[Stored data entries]

Start of Block

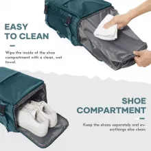 - Stay organized with dedicated pockets for shoes, phone, and accessories
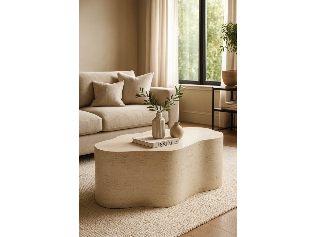 Stolík Cloud zaujme svojím organickým tvarom, ktorý pripomína jemne opracovaný kameň, a stáva sa tak skutočným dizajnovým solitérom v každej obývačke. Jeho krémová farba a plynulé línie prinášajú do priestoru sviežu a sofistikovanú eleganciu, ktorá harmonicky dopĺňa moderné, svetlé interiéry.
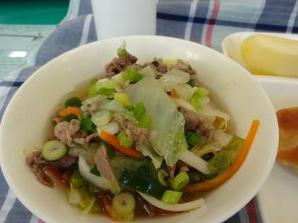 肉うどんには、牛肉、かまぼこ、白菜、にんじん、青ネギが入っていて、おだしもきいていて、とても美味しかったです。
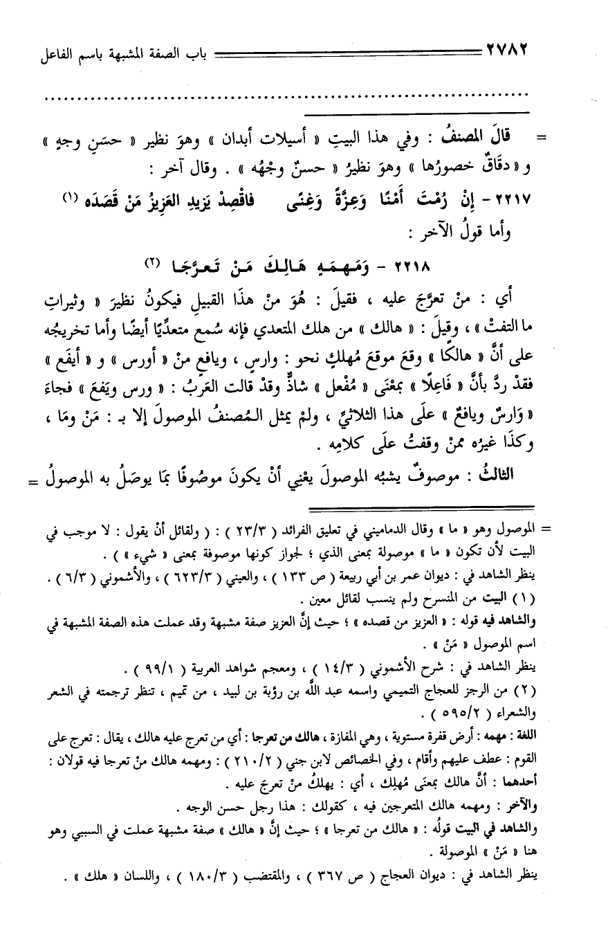 والشاهد في البيت قوله: «هالك من تعرجا»؛ حيث إنّ «هالك» صفة مشبهة عملت في السببي وهو هنا «من» الموصولة.
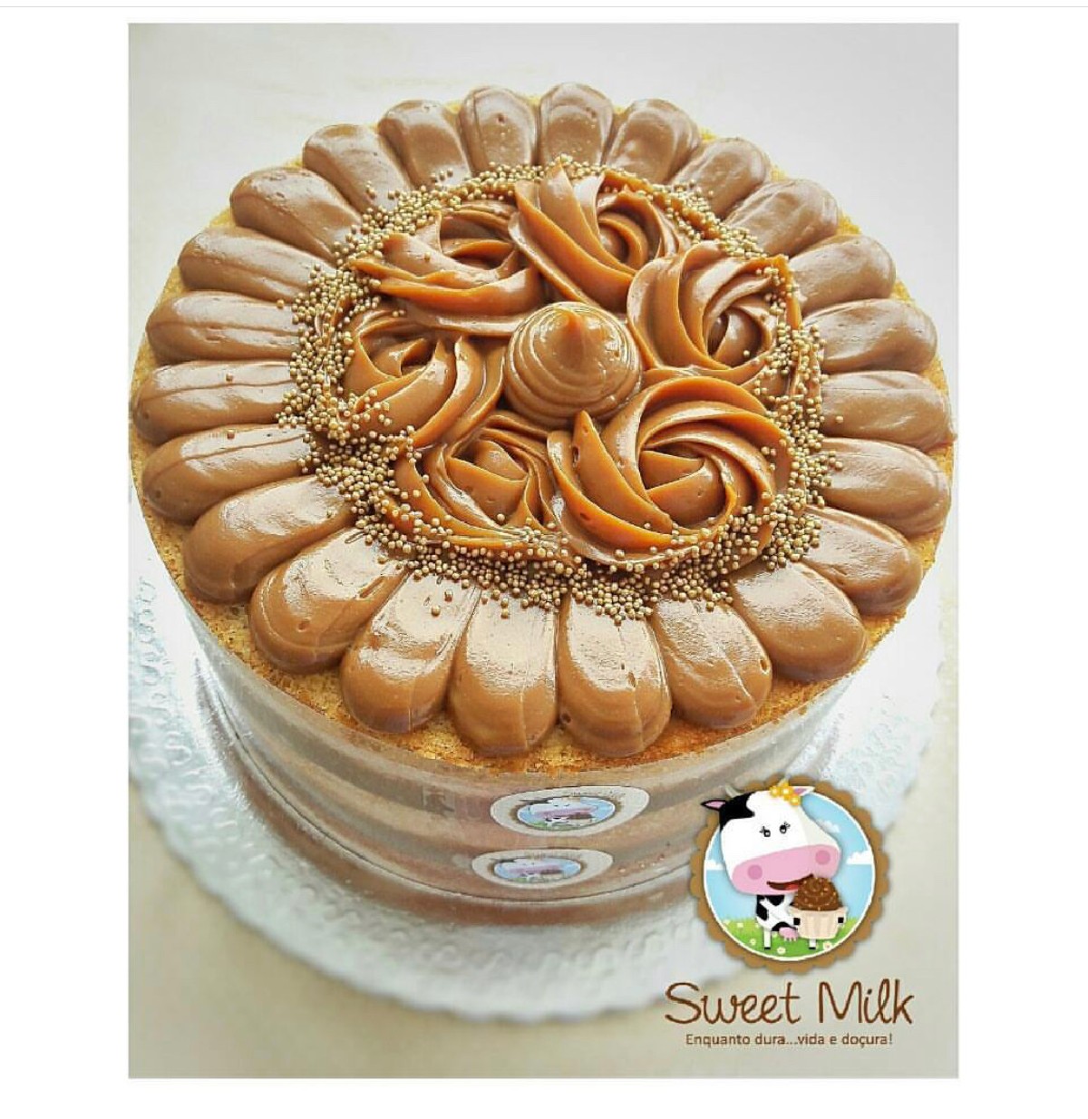 O acetato transparente que o envolve, possibilita que o Bolo fique Bem Molhadinho e Bem Recheado...há e acompanha um laçarote bem lindo também!
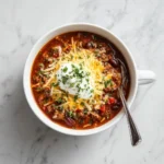 Lastly, serve the chili hot with optional toppings like sour cream and cheddar cheese for that extra flavor.
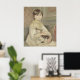 Julie Manet by Pierre-Auguste Renoir, oil on canvas 1887, is a half-length portrait painting of a young girl with short brown hair, soft round features, and elegant, patterned white dress seated on a sofa with a sleeping cat cradled in her arms. The subject was the daughter of Impressionist painter Edouard Manet.
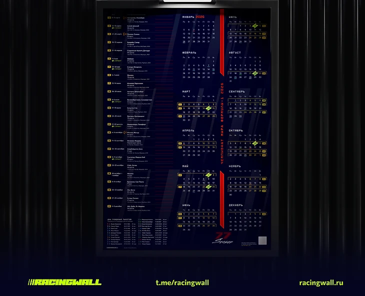 Настенный календарь Формулы-1. Финальный дизайн календаря
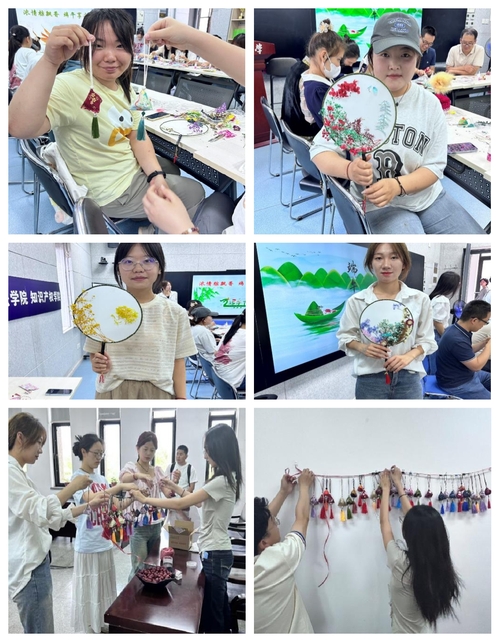 线怎么穿?结怎么打?口怎么封?穗儿怎么连?在法学院309会议室,艾香扑鼻、热闹非凡。师生们讨论切磋,互相帮助,缝香囊、做团扇,充分发挥想象力和创造力,各自展现着心灵手巧的本事。
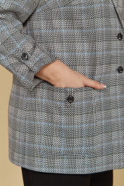 Лаконичный жакет в клетку — то, что нужно, чтобы подчеркнуть ваш утонченный вкус и уникальность. Такой вид одежды будет уместен как в офисе, так и за его пределами. Модель полуприлегающего силуэта с центральной бортовой застежкой на две петли и пуговицы. На переде обработаны нагрудные вытачки, накладные карманы, декорированные патами. Спинка со средним швом. Рукав втачной, длинный, с отложной манжетой, легко трансформируется в длину 7/8 благодаря притачной пате. Горловина обработана английским воротником. Фурнитура может отличаться от представленной на фото. Длина жакета от центра горловины спинки до низа: 71,5 см — для р-ров 48-52; 72,5 см — для р-ров 54-58; 73,5 см — для р-ров 60-64. Длина рукава(в застёгнутом виде): 51 см.

End of Block

» PROBLEM REQUIREMENTS
Transcribe the records above verbatim. Do not carry over any picture.

» WRITTEN SOLUTION
 - Stay organized with dedicated pockets for shoes, phone, and accessories
 Stolík Cloud zaujme svojím organickým tvarom, ktorý pripomína jemne opracovaný kameň, a stáva sa tak skutočným dizajnovým solitérom v každej obývačke. Jeho krémová farba a plynulé línie prinášajú do priestoru sviežu a sofistikovanú eleganciu, ktorá harmonicky dopĺňa moderné, svetlé interiéry.
 肉うどんには、牛肉、かまぼこ、白菜、にんじん、青ネギが入っていて、おだしもきいていて、とても美味しかったです。
 والشاهد في البيت قوله: «هالك من تعرجا»؛ حيث إنّ «هالك» صفة مشبهة عملت في السببي وهو هنا «من» الموصولة.
 O acetato transparente que o envolve, possibilita que o Bolo fique Bem Molhadinho e Bem Recheado...há e acompanha um laçarote bem lindo também!
 Lastly, serve the chili hot with optional toppings like sour cream and cheddar cheese for that extra flavor.
 Julie Manet by Pierre-Auguste Renoir, oil on canvas 1887, is a half-length portrait painting of a young girl with short brown hair, soft round features, and elegant, patterned white dress seated on a sofa with a sleeping cat cradled in her arms. The subject was the daughter of Impressionist painter Edouard Manet.
 Настенный календарь Формулы-1. Финальный дизайн календаря
 线怎么穿?结怎么打?口怎么封?穗儿怎么连?在法学院309会议室,艾香扑鼻、热闹非凡。师生们讨论切磋,互相帮助,缝香囊、做团扇,充分发挥想象力和创造力,各自展现着心灵手巧的本事。
 Лаконичный жакет в клетку — то, что нужно, чтобы подчеркнуть ваш утонченный вкус и уникальность. Такой вид одежды будет уместен как в офисе, так и за его пределами. Модель полуприлегающего силуэта с центральной бортовой застежкой на две петли и пуговицы. На переде обработаны нагрудные вытачки, накладные карманы, декорированные патами. Спинка со средним швом. Рукав втачной, длинный, с отложной манжетой, легко трансформируется в длину 7/8 благодаря притачной пате. Горловина обработана английским воротником. Фурнитура может отличаться от представленной на фото. Длина жакета от центра горловины спинки до низа: 71,5 см — для р-ров 48-52; 72,5 см — для р-ров 54-58; 73,5 см — для р-ров 60-64. Длина рукава(в застёгнутом виде): 51 см.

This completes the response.